Some can criticize that their convictions originate in academic environments, where time is abundant, labor is cheaper, and infrastructure is readily available. At early venturing stages, we believe it is an opportunity. Many academic founders make faster progress as insiders, taking advantage of university resources and testing the market with potential customers and partners. Down the road, though, these dynamics flip, and being within the institution starts to slow the venture down, because universities are not set up to commercialize technologies. Within the current generation of local spin-offs, we observe that academic founders tend to use their own theories and operational frameworks of entrepreneurship. It includes both team-specific concepts and convictions about the go-to-market strategies of the technologies they develop, as well as the resources they need in order to move the venture forward.

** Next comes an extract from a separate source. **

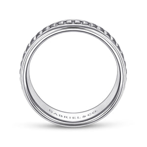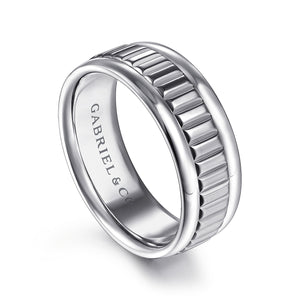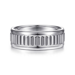 14K White Gold 8mm - Carved Men's Wedding Band in High Polish Finish

Early-stage venturing dynamics are crucial to build a healthy company and ecosystem. Below are three pillars that we believe key to set up the initial team:

Organizing a leadership relay race. Not being the person running the show can be difficult for a top scientist to accept, but it is a decision worth getting right. Entrepreneurial scientists know that their brilliant technologies need good leadership. While finding a CEO should not be the priority while kickstarting the company -great CEOs are anyway scarce and difficult to draft- deciding who in the inventors is going to leave an academic career to lead the company is key. This has two major implications. First, making sure that the first leaders are both fully in charge and accordingly incentivized. Second, structuring a balanced cap table that allows key people to join down the road, since the leadership relay race has just begun.

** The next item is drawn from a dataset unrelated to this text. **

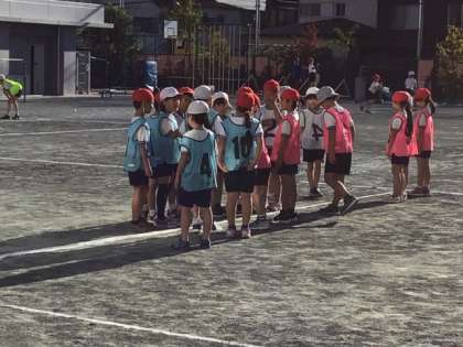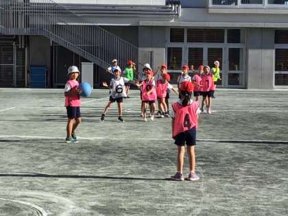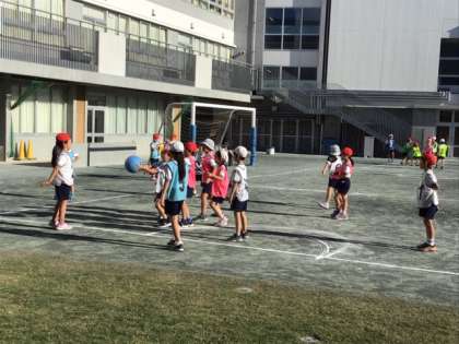 体育では、「パスゲーム」に取り組んでいます。パスをしながらシュートにつなげます。

Splitting the equity. One of the most common mistakes scientific founding teams can make is that equity allocation rewards past contributions, when it is actually to anticipate future ones. The equity split should incentivize people who will probably have to work 7–10 years post spin-out to make it a success story. Many believe that academic co-founders who are not fully hands-on should typically own less than 10% of a startup. While our experience demonstrates that every venturing journey is different and capital allocation should be designed according to the envisioned leadership relay race rather than a set of standard criteria, it is clear that distortions of capital allocation will cause frictions, send the wrong signals to investors and put the company at risk. In parallel, proper vesting rules are to be put in place.

Balancing business stamina. Business-oriented thinking, market discovery and go-to-market roadmaps should be started as soon as possible. However, there is typically very little “business” to be done over the first couple of years, and academic founders are much more equipped that they think to pick those early business skills along the way, while the venture surely needs their scientific know-how. The key point here is to go further than the top scientist-top businessman association mantra. A common misconception is believing that the research efforts are done when spin-offing, and commercialization starts. It is almost never the case. Most probably research will continue to adapt the future products to the market. The academic founders can receive feedback and make adjustments; a top CEO will just be stuck. Don’t get us wrong, being exposed and integrating business codes as fast as possible is essential, but the need of elite scientists versus elite business people is a much more nuanced equation, especially at early stage. A flexible mix of junior and senior team members and supports going in and out along the way, driven by a strong leadership, will be closer to truth.